**PROBLEM DETAILS**
Drop the images; return everything else in the listing below exactly.

**DATA SHOWN**
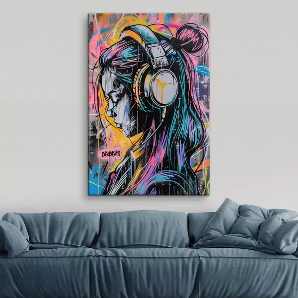 Cuadros Mujer con auriculares en estilo graffiti Nr s39443
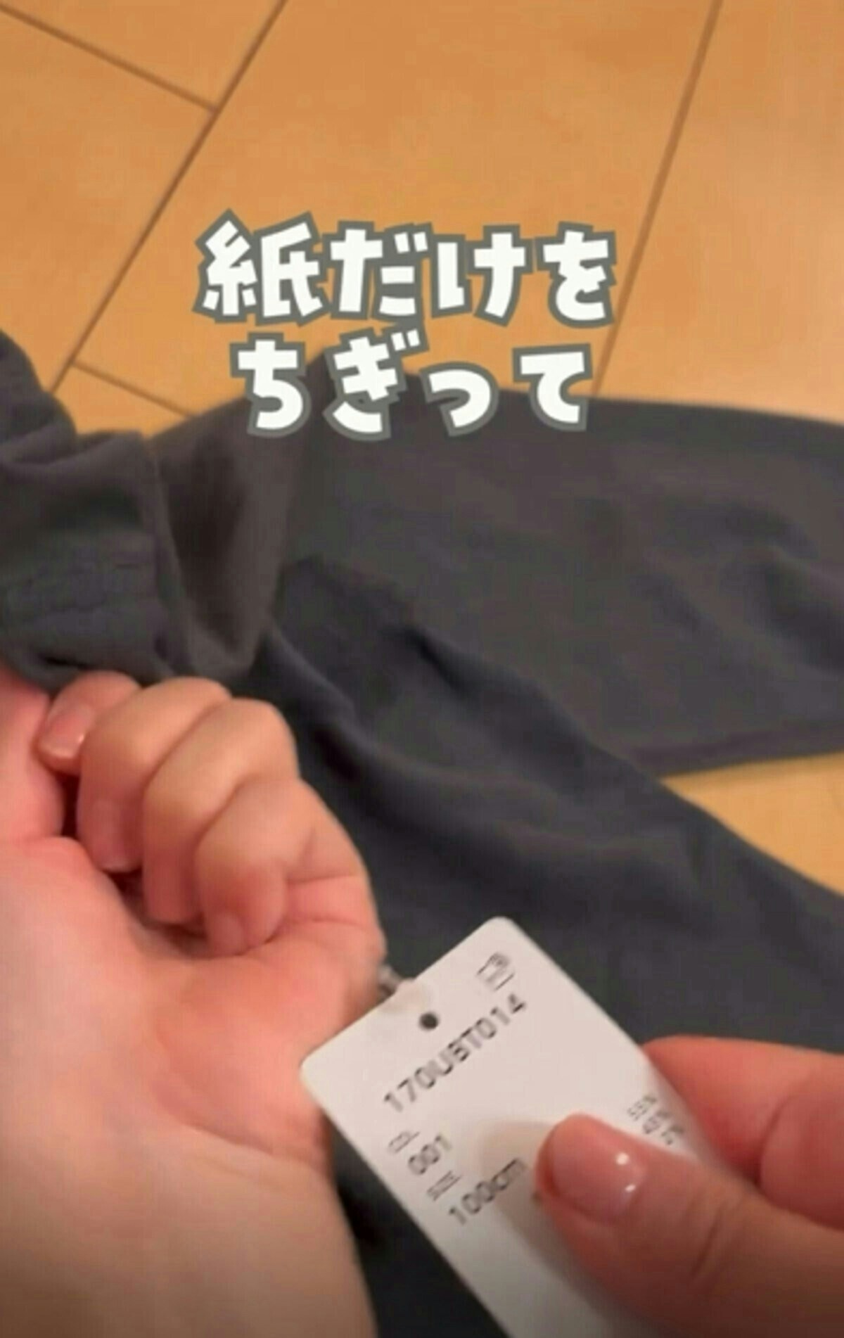タグをひもに押し当てたまま、強く引っ張ります。ゆみ|ワンオペ×ストレスフリーな育児さんによると、強めの力が必要なようなので、思いっきり引っ張りましょう。
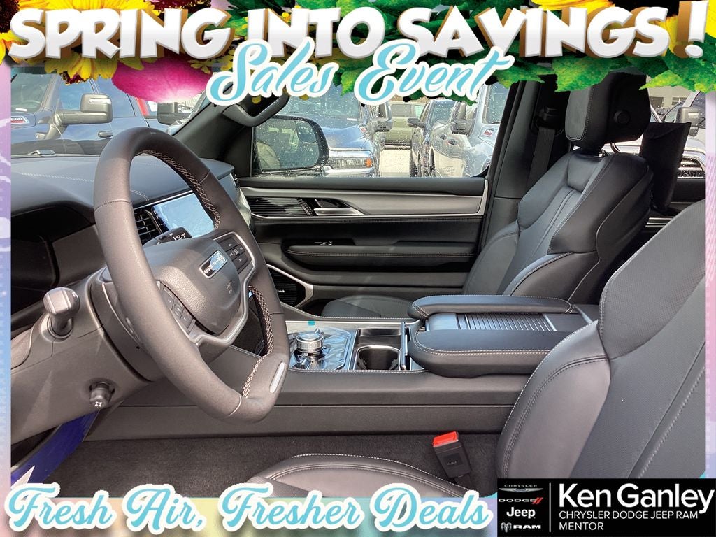 *Heated steering wheel, *Ventilated front seats, 118 MPH Maximum Speed Calibration, 19 Speaker McIntosh Audio System, 2nd Row Manual Window Shades, 3 Panel Sunroof, 3.55 Rear Axle Ratio, 3rd row seats: bench, 4-Wheel Disc Brakes, 9 Speakers, ABS brakes, Air Conditioning, All-Season Floor Mats, Alloy wheels, AM/FM radio: SiriusXM with 360L, Amazon Fire TV Built-in, Anti-whiplash front head restraints, Apple CarPlay/Android Auto, Audio memory, Augmented HUD, Auto Adjust in Reverse Exterior Mirrors, Auto High-beam Headlights, Auto-dimming door mirrors, Auto-Dimming Exterior Driver Mirror, Auto-dimming Rear-View mirror, Auto-leveling suspension, Automatic temperature control, Black Appearance Package, Black Exterior Accents, Brake assist, Bumpers: body-color, Cargo Tray, Cluster 12 TFT Color Display, Compass, Delay-off headlights, Driver door bin, Driver vanity mirror, Driver's Seat Mounted Armrest, Dual front impact airbags, Dual front side impact airbags, Electronic Stability Control, Emergency communication system: Jeep Connect, Exterior Mirrors Approach Lamps, Exterior Mirrors with Memory, Exterior Mirrors with Supplemental Signals, Exterior Parking Camera Rear, Four wheel independent suspension, Front anti-roll bar, Front Bucket Seats, Front Center Armrest w/Storage, Front dual zone A/C, Front fog lights, Front reading lights, Fully automatic headlights, Garage door transmitter, Heated door mirrors, Heated Exterior Mirrors, Heated front seats, Heated rear seats, Illuminated entry, Instrument Panel, Interior Rear Facing Camera, Knee airbag, Leather Trimmed Bucket Seats, Limited Reserve Package, Low tire pressure warning, Luxury Front and Rear Floor Mats, Manufacturer Statement of Origin, Memory seat, MOPAR Interior Protection Package, MyFlexCare Service Plan, Navigation System, Normal Duty Suspension, Occupant sensing airbag, Outside temperature display, Overhead airbag, Overhead console, P and P Park and Unpark Assist with Stop System, Panic alarm, Passenger door bin, Passenger seat mounted armrest, Passenger vanity mirror, Pirelli Brand Tires, Power Deployable Running Boards, Power door mirrors, Power driver seat, Power Liftgate, Power passenger seat, Power steering, Power windows, Quadra-Lift Air Suspension, Quick Order Package 29D Reserve, Radio data system, Radio: Uconnect 5 Nav with 12 Display, Rain sensing wipers, Rear air conditioning, Rear anti-roll bar, Rear reading lights, Rear seat center armrest, Rear Seat Video Group I, Rear window defroster, Rear window wiper, Reclining 3rd row seat, Remote keyless entry, Reversible Carpet/Vinyl Cargo Mat, Seatback Video Screens, Security system, Semi Active Damping, Side Distance Warning, Smartphone as a Key Prep, Speed control, Speed-sensing steering, Speed-Sensitive Wipers, Split folding rear seat, Steering wheel memory, Steering wheel mounted audio controls, Surround View Camera System, Tachometer, Telescoping steering wheel, Tilt steering wheel, Titanium Daylight Opening Upper, Titanium Upper Grille Applique, Traction control, Trip computer, Turn signal indicator mirrors, Variably intermittent wipers, Video USB Port, Voltmeter, Wheels: 20 x 9.0 Machine Face Painted Aluminum, Wheels: 22 x 9 Painted Gloss Black. PRICING AVAILABLE TO ALL CUSTOMER!!! WE ARE ONE OF OHIO'S LEADING VOLUME DEALERSHIPS COME SEE OUR HUGE SELECTION AND UNMATCHED SAVINGS ONLY AT GANLEY VILLAGE CHRYSLER DODGE JEEP RAM FIAT OF PAINESVILLE, OH 44077.
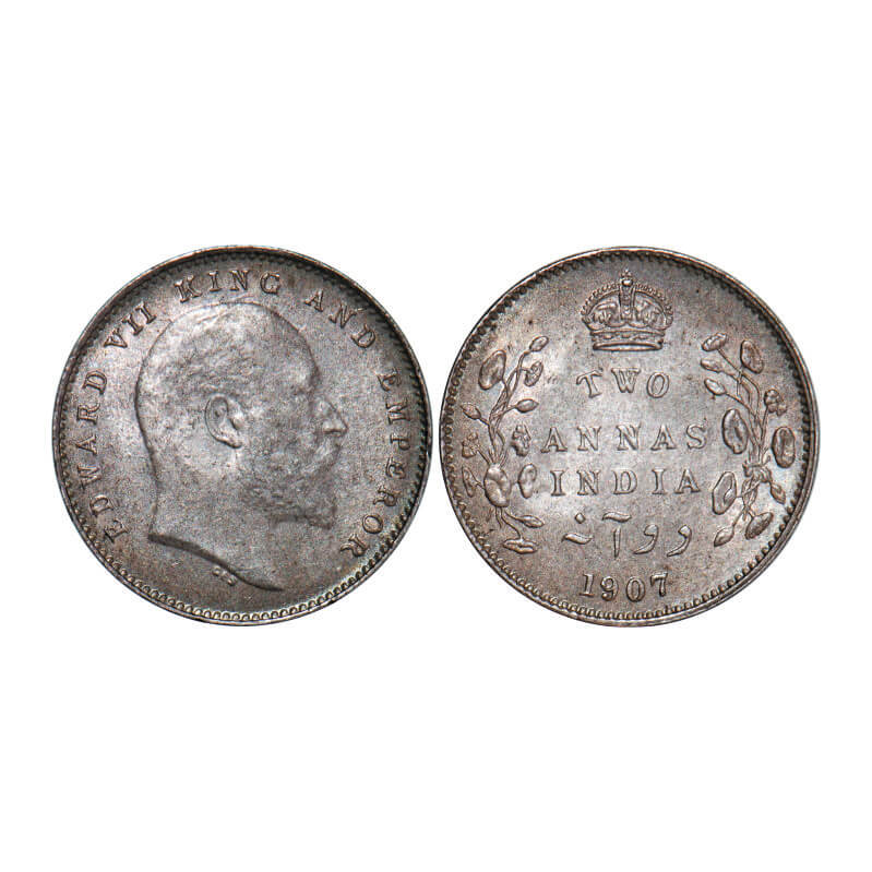 Edward VII, Silver, 2 Annas, 1907, Calcutta Mint, No mint mark. GK 984. About Uncirculated. Scarce.

**EXERCISE OUTPUT**
 Cuadros Mujer con auriculares en estilo graffiti Nr s39443
タグをひもに押し当てたまま、強く引っ張ります。ゆみ|ワンオペ×ストレスフリーな育児さんによると、強めの力が必要なようなので、思いっきり引っ張りましょう。
 *Heated steering wheel, *Ventilated front seats, 118 MPH Maximum Speed Calibration, 19 Speaker McIntosh Audio System, 2nd Row Manual Window Shades, 3 Panel Sunroof, 3.55 Rear Axle Ratio, 3rd row seats: bench, 4-Wheel Disc Brakes, 9 Speakers, ABS brakes, Air Conditioning, All-Season Floor Mats, Alloy wheels, AM/FM radio: SiriusXM with 360L, Amazon Fire TV Built-in, Anti-whiplash front head restraints, Apple CarPlay/Android Auto, Audio memory, Augmented HUD, Auto Adjust in Reverse Exterior Mirrors, Auto High-beam Headlights, Auto-dimming door mirrors, Auto-Dimming Exterior Driver Mirror, Auto-dimming Rear-View mirror, Auto-leveling suspension, Automatic temperature control, Black Appearance Package, Black Exterior Accents, Brake assist, Bumpers: body-color, Cargo Tray, Cluster 12 TFT Color Display, Compass, Delay-off headlights, Driver door bin, Driver vanity mirror, Driver's Seat Mounted Armrest, Dual front impact airbags, Dual front side impact airbags, Electronic Stability Control, Emergency communication system: Jeep Connect, Exterior Mirrors Approach Lamps, Exterior Mirrors with Memory, Exterior Mirrors with Supplemental Signals, Exterior Parking Camera Rear, Four wheel independent suspension, Front anti-roll bar, Front Bucket Seats, Front Center Armrest w/Storage, Front dual zone A/C, Front fog lights, Front reading lights, Fully automatic headlights, Garage door transmitter, Heated door mirrors, Heated Exterior Mirrors, Heated front seats, Heated rear seats, Illuminated entry, Instrument Panel, Interior Rear Facing Camera, Knee airbag, Leather Trimmed Bucket Seats, Limited Reserve Package, Low tire pressure warning, Luxury Front and Rear Floor Mats, Manufacturer Statement of Origin, Memory seat, MOPAR Interior Protection Package, MyFlexCare Service Plan, Navigation System, Normal Duty Suspension, Occupant sensing airbag, Outside temperature display, Overhead airbag, Overhead console, P and P Park and Unpark Assist with Stop System, Panic alarm, Passenger door bin, Passenger seat mounted armrest, Passenger vanity mirror, Pirelli Brand Tires, Power Deployable Running Boards, Power door mirrors, Power driver seat, Power Liftgate, Power passenger seat, Power steering, Power windows, Quadra-Lift Air Suspension, Quick Order Package 29D Reserve, Radio data system, Radio: Uconnect 5 Nav with 12 Display, Rain sensing wipers, Rear air conditioning, Rear anti-roll bar, Rear reading lights, Rear seat center armrest, Rear Seat Video Group I, Rear window defroster, Rear window wiper, Reclining 3rd row seat, Remote keyless entry, Reversible Carpet/Vinyl Cargo Mat, Seatback Video Screens, Security system, Semi Active Damping, Side Distance Warning, Smartphone as a Key Prep, Speed control, Speed-sensing steering, Speed-Sensitive Wipers, Split folding rear seat, Steering wheel memory, Steering wheel mounted audio controls, Surround View Camera System, Tachometer, Telescoping steering wheel, Tilt steering wheel, Titanium Daylight Opening Upper, Titanium Upper Grille Applique, Traction control, Trip computer, Turn signal indicator mirrors, Variably intermittent wipers, Video USB Port, Voltmeter, Wheels: 20 x 9.0 Machine Face Painted Aluminum, Wheels: 22 x 9 Painted Gloss Black. PRICING AVAILABLE TO ALL CUSTOMER!!! WE ARE ONE OF OHIO'S LEADING VOLUME DEALERSHIPS COME SEE OUR HUGE SELECTION AND UNMATCHED SAVINGS ONLY AT GANLEY VILLAGE CHRYSLER DODGE JEEP RAM FIAT OF PAINESVILLE, OH 44077.
 Edward VII, Silver, 2 Annas, 1907, Calcutta Mint, No mint mark. GK 984. About Uncirculated. Scarce.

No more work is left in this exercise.